Par un mémoire, enregistré le 22 juillet 2024, M. B A, représenté par Me Cugny-Larrey, conclut au non-lieu à statuer sur les conclusions présentées au titre de l'article L. 521-3 du code de justice administrative et maintient ses demandes au titre des frais d'instance.

Vu la lettre informant les parties de la radiation de l'affaire du rôle de l'audience publique du 30 juillet 2024.

Vu les pièces du dossier.

Vu le code de justice administrative.

Le président du tribunal a désigné Mme Thielen, première conseillère, pour statuer sur les demandes de référé.

Considérant ce qui suit :

1. Aux termes de l'article L. 521-3 du code de justice administrative : " En cas d'urgence et sur simple requête qui sera recevable même en l'absence de décision administrative préalable, le juge des référés peut ordonner toutes autres mesures utiles sans faire obstacle à l'exécution d'aucune décision ".

2. Aux termes de son article L. 522-1 : " Le juge des référés statue au terme d'une procédure contradictoire écrite ou orale ". Aux termes de son article L. 522-3 : " Lorsque la demande ne présente pas un caractère d'urgence ou lorsqu'il apparaît manifeste, au vu de la demande, que celle-ci ne relève pas de la compétence de la juridiction administrative, qu'elle est irrecevable ou qu'elle est mal fondée, le juge des référés peut la rejeter par une ordonnance motivée sans qu'il y ait lieu d'appliquer les deux premiers alinéas de l'article L. 522-1 ".

3. Lorsque le juge des référés statue sur une requête présentée sur le fondement de l'article L. 521-3 du code de justice administrative, qui instaure une procédure de référé pour laquelle la tenue d'une audience publique n'est pas prévue par les dispositions de son article L. 522-1, mais qu'il a estimé, au vu des conclusions et de l'objet du litige, qu'il était nécessaire de mettre les parties à même de présenter, au cours d'une audience publique, des observations orales à l'appui de leurs observations écrites, il lui incombe de poursuivre cette procédure et, notamment, de tenir une audience publique. Il en va différemment lorsque, après que la procédure a été engagée, intervient un désistement ou un évènement rendant sans objet la requête.
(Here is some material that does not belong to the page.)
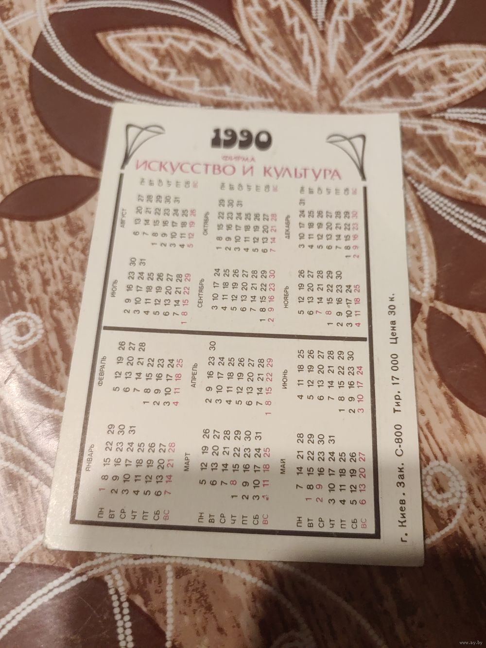 Календарик,артисты,рок,1990

Dans ce cas, le juge des référés peut, dans le cadre de son office, donner acte du désistement ou constater un non-lieu sans tenir d'audience.
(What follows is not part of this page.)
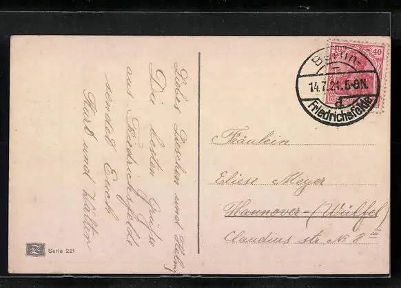 alte Ansichtskarte, gelaufen 1921, guter Zustand

4. Postérieurement à l'enregistrement de la requête et à l'enrôlement de l'affaire, M. A a été informé par le conseil départemental de ce qu'il était désormais considéré comme le conseiller départemental du canton Brest 5. Les conclusions principales de la requête ont ainsi perdu leur objet et il n'y a, par suite, plus lieu d'y statuer.

5. Il n'y a pas lieu, dans les circonstances de l'espèce, de mettre à la charge du département du Finistère, la somme que M. A demande au titre des frais d'instance.

O R D O N N E :

Article 1er : Il n'y a plus lieu de statuer sur les conclusions de la requête présentées au titre de l'article L. 521-3 du code de justice administrative.

Article 2 : Le surplus des conclusions de la requête est rejeté.

Article 3 : La présente ordonnance sera notifiée à M. B A, au département du Finistère et au ministre de l'intérieur et des outre-mer.

Copie en sera transmise pour information au préfet du Finistère

Fait à Rennes, le 23 juillet 2024.

Le juge des référés,

signé

O. Thielen

La République mande et ordonne au préfet du Finistère en ce qui le concerne et à tous commissaires de justice à ce requis en ce qui concerne les voies de droit commun, contre les parties privées, de pourvoir à l'exécution de la présente décision.